British Formula One Championship
- Eliseo Salazar driving at the 1980 BRDC International Trophy
- Category: Single-seaters
- Country: United Kingdom
- Inaugural season: 1978
- Folded: 1982
- Drivers: 10 (1982)
- Teams: 8 (1982)
- Constructors: 8 (1982)
- Engine suppliers: 2 (1982)
- Last Drivers' champion: Jim Crawford

= British Formula One Championship =

Domestic F1 championship (1978–1982)

The British Formula One Championship, often abbreviated to British F1, was a Formula One motor racing championship held in the United Kingdom. It was often referred to as the Aurora AFX Formula One series due to the Aurora company's sponsorship of the series for three of the four seasons.

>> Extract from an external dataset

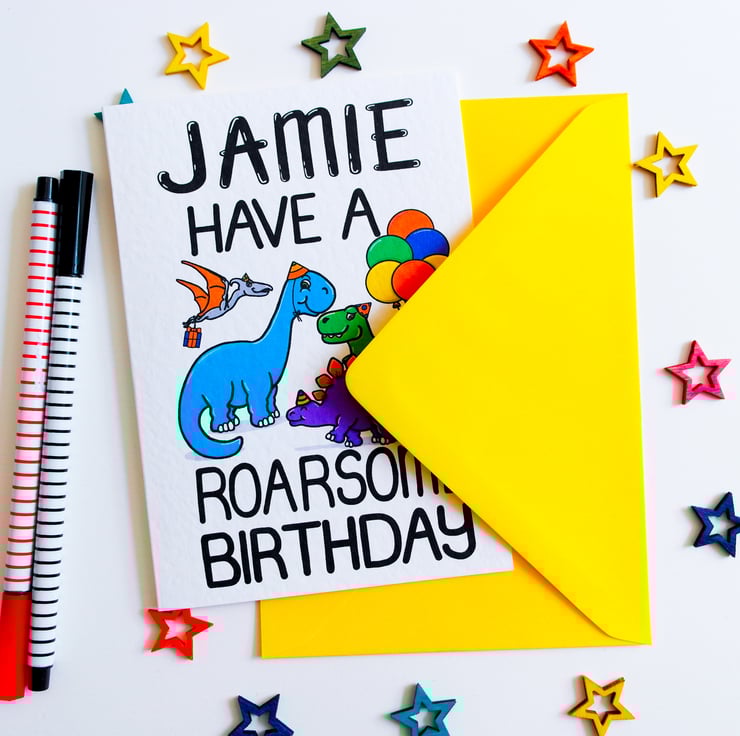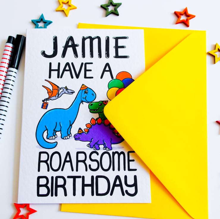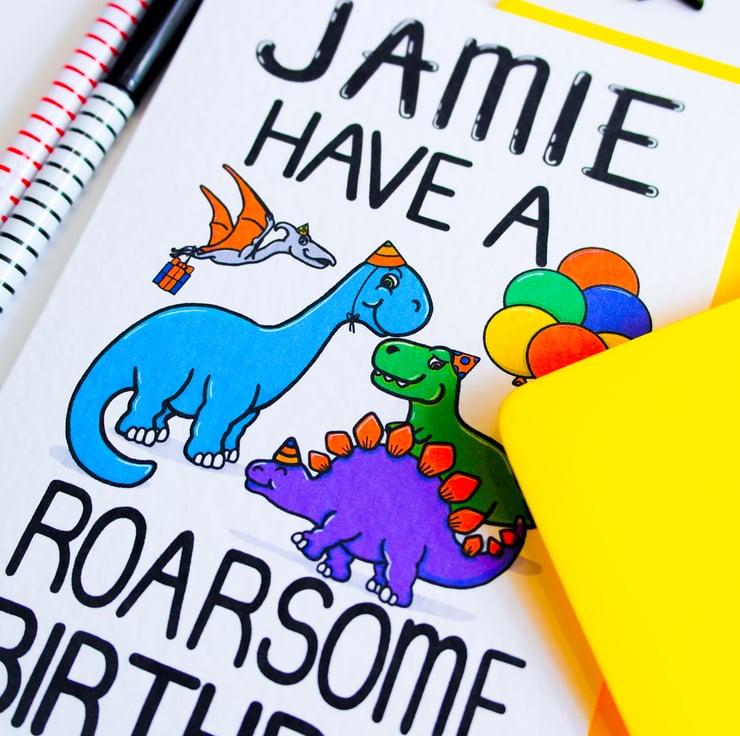 Greeting on front: HAVE A ROARSOME BIRTHDAY
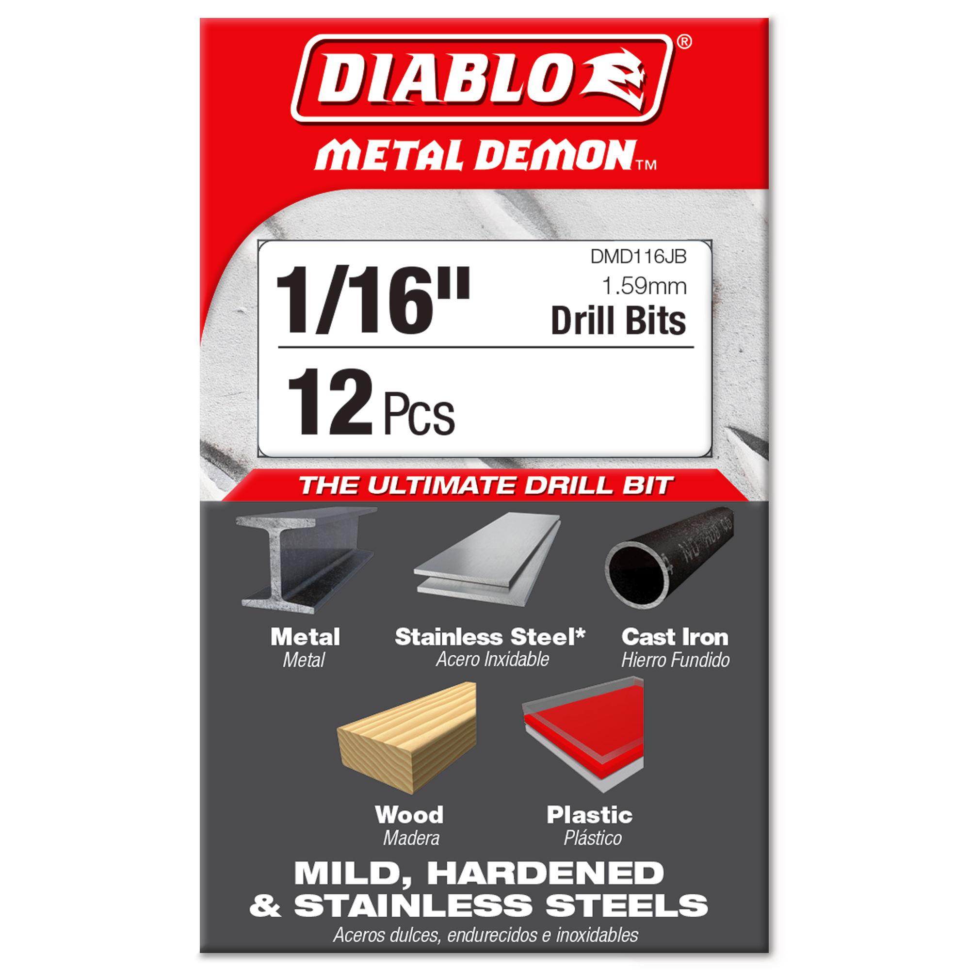 Diablo DMD116JB 1/16" Metal Demon™ Drill Bits for Mild, Hardened and Stainless Steels

The long established Cosworth DFV engine helped make the series possible between 1978 and 1980. As in the South African Formula One Championship a decade or so before, second hand cars from manufacturers like Lotus and Fittipaldi Automotive were run by many entrants, although some, such as the March 781, were built specifically for the series. In 1980 Desiré Wilson became the only woman to win a Formula One race. She won at Brands Hatch driving a Wolf.

==Origins==
The British Formula One Championship was a successor to the older Group 8 Shellsport Championship, which had previously run Formula 5000 cars. In 1977 the series was opened up to allow Formula One cars to race and the BRSCC upgraded it to a full Formula One championship a year later. Formula Two cars were also present on the grid to make up the numbers.

==Champions==

| Season | Championship Name | Champion | Team | Car | Races^{†} | Pole Positions | Wins | Podiums | Fastest Laps | Points | Margin (pts) | Ref(s) |
| 1978 | Aurora AFX British F1 Championship | UK Tony Trimmer | UK Melchester Racing | McLaren M23-Cosworth | 8/12 | 4 | 5 | 8 | 5 | 149 | 56 |  |
| 1979 | UK Rupert Keegan | UK Clowes Racing | Arrows A1-Cosworth | 13/15 | 5 | 6 | 6 | 4 | 65 | 2 |  |
| 1980 | Spain Emilio de Villota | UK RAM Racing | Williams FW07-Cosworth | 12/12 | 6 | 5 | 9 | 4 | 85 | 33 |  |
| 1981 | no championship |  |  |  |  |  |  |  |  |  |  |  |
| 1982 | British F1 Championship | UK Jim Crawford | UK Ensign Racing | Ensign N180-Cosworth | 4/5 | 3 | 3 | 3 | 4 | 34 | 18 |  |

^{†} x/y: Competed in x races of the season total y.